### [WHAT IS NEEDED]
Transcribe the line with "طاق بزرگ - سر ستون و تزیینات داخلی" and all the lines that follow it in the material below, exactly as they stand.

### [MATERIAL PROVIDED]
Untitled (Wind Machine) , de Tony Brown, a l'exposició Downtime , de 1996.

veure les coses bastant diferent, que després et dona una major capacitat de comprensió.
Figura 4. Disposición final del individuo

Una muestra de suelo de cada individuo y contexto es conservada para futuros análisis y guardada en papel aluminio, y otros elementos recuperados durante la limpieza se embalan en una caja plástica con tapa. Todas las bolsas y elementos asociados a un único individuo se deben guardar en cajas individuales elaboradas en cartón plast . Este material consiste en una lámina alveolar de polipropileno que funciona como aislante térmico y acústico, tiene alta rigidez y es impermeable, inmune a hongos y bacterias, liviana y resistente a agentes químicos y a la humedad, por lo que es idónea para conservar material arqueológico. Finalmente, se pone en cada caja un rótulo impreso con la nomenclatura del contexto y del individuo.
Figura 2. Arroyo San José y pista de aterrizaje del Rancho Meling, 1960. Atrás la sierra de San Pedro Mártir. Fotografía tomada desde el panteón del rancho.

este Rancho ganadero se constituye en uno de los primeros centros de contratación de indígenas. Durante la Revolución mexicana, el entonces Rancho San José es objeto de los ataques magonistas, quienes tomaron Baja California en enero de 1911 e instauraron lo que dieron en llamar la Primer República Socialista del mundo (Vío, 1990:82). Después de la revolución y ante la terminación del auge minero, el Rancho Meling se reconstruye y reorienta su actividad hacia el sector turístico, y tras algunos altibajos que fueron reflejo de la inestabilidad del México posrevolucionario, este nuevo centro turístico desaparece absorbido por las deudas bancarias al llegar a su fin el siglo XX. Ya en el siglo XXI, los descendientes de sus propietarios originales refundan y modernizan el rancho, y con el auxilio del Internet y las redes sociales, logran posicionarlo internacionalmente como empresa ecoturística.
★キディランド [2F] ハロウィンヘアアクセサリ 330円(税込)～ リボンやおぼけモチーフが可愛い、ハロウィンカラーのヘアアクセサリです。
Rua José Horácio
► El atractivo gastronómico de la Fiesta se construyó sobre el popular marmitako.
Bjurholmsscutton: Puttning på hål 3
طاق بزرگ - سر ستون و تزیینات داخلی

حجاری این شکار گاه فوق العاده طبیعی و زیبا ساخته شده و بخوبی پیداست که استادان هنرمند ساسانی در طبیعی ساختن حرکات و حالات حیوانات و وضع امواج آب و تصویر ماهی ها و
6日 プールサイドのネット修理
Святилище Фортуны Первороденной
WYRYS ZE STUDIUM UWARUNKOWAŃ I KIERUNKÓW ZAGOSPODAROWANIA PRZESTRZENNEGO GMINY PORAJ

### [WRITTEN RESPONSE]
طاق بزرگ - سر ستون و تزیینات داخلی

حجاری این شکار گاه فوق العاده طبیعی و زیبا ساخته شده و بخوبی پیداست که استادان هنرمند ساسانی در طبیعی ساختن حرکات و حالات حیوانات و وضع امواج آب و تصویر ماهی ها و
6日 プールサイドのネット修理
Святилище Фортуны Первороденной
WYRYS ZE STUDIUM UWARUNKOWAŃ I KIERUNKÓW ZAGOSPODAROWANIA PRZESTRZENNEGO GMINY PORAJ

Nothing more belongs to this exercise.